PDF Text Replacement - Incorrect Font Replacement

backandwhite-nda-merge (3).pdf (226.4 KB)

hi,

Replacing text within a document is mutating the text to an incorrect font. Please see the first paragraph, “50 Sterndale Drive”.

The text seems to change size/font automatically. This behavior is replicable when changing starting the replacement text with a numeric instead of a character. See the send image below, where the 2nd field is begins with a character instead, no impact is found.

image.png (34.3 KB)

Replacing the font to Times New Roman fixed the issue, my guess is this is font specific.

NDA-Non-Disclosure-Agreement.pdf (98.1 KB)

Steps tried to remedy this

            textFragment.getTextState().setUnderline(flagUnderline);
            textFragment.getTextState().setFontSize(fontSize);

            if( backgroundColor != null ){
                textFragment.getTextState().setBackgroundColor(backgroundColor);
            }

            if( font != null ){
                textFragment.getTextState().setFont(font);
            }

There are other tickets similar to this correct? Is this an expected issue for various fonts, if so, would there be a list that could be provided for end users, that are stable?

Thanks and best wishes,
Ben

@Twister99

As for your previously logged ticket “PDFJAVA-39910”, the issue was related to specific font and was investigated accordingly. We already had shared our findings and solution with you in respective forum thread.
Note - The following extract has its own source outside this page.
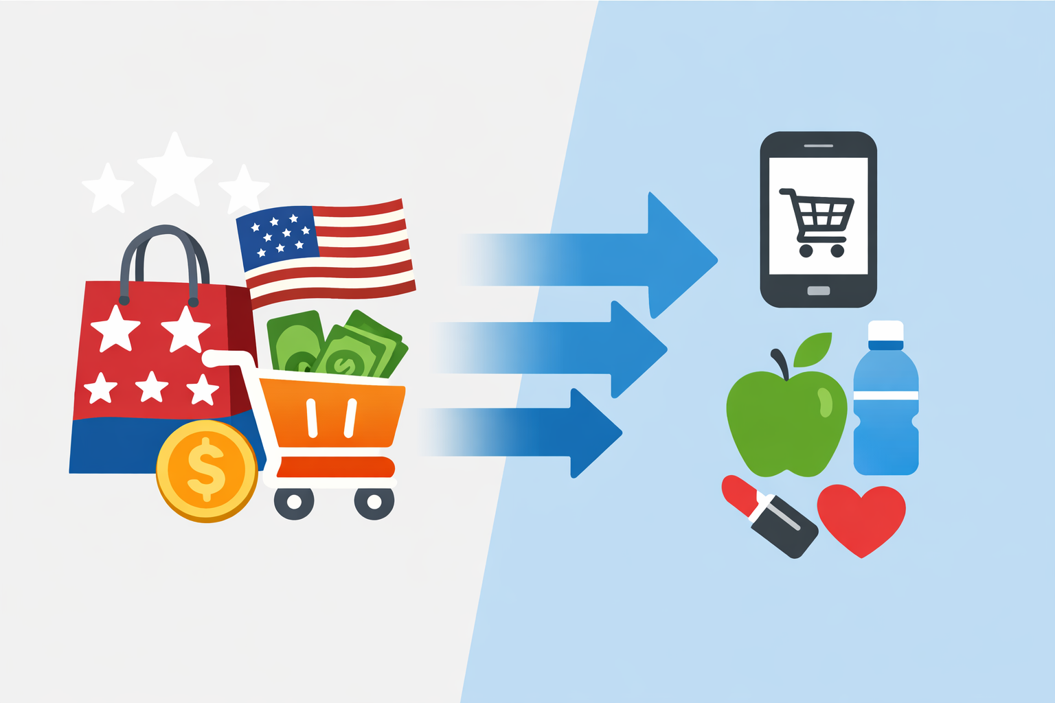 이 변화는 소비가 이동하고 있는 온라인 유통 환경에서 가장 빠르게 나타나고 있다. 이커머스는 이미 미국 소매 매출의 25% 이상을 차지하며 핵심 유통 채널로 자리 잡았고, 최근 1년 매출 증가분의 65% 이상이 온라인에서 발생했다.
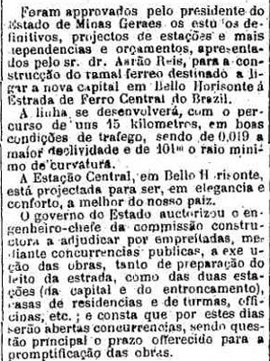 AO LADO: Autorização para concorrencia para a construção das estações de Belo Horizonte e a de General Carneiro (O Estado de S. Paulo, 1/7/1894). |

For your recently shared scenario, we have logged an investigation ticket as PDFJAVA-40053 in our issue tracking system in order to analyze it further and check if we can come up with some specifications of the fonts. Meanwhile, could you please provide the complete sample code snippet that you are using at your side for text replacement. It would help us investigating the scenario accordingly.

Please see below



    public static void replace(Replacement replacement, String source, String target) throws IOException {
        final FileInputStream fis = new FileInputStream(source);
        Document pdfDocument = new Document(fis);

        // "/{{(.*?)}}/"
        TextFragmentAbsorber textFragmentAbsorber = new TextFragmentAbsorber("{{" + replacement.oldS() + "}}");
        pdfDocument.getPages().accept(textFragmentAbsorber);

        TextFragmentCollection textFragmentCollection = textFragmentAbsorber.getTextFragments();
        System.out.println("Count : " + textFragmentCollection.size());
        
        for (TextFragment textFragment : textFragmentCollection) {
             
            
       /**
            Font font = textFragment.getTextState().getFont();
            float fontSize = textFragment.getTextState().getFontSize();
            boolean flagUnderline = textFragment.getTextState().getUnderline();
            Color backgroundColor = textFragment.getTextState().getBackgroundColor();

             **/
            textFragment.setText(replacement.newS());

         /**  textFragment.getTextState().setUnderline(flagUnderline);
            textFragment.getTextState().setFontSize(fontSize);

            if( backgroundColor != null ){
                textFragment.getTextState().setBackgroundColor(backgroundColor);
            }

            if( font != null ){
                textFragment.getTextState().setFont(font);
            }*/

        }

        String stagingFile = File.createTempFile("temp", null).getAbsolutePath();
        pdfDocument.save(stagingFile);
        FileUtil.moveFile(stagingFile, target);


    }

Best wishes, Ben

@Twister99

Thanks for providing the sample code snippet.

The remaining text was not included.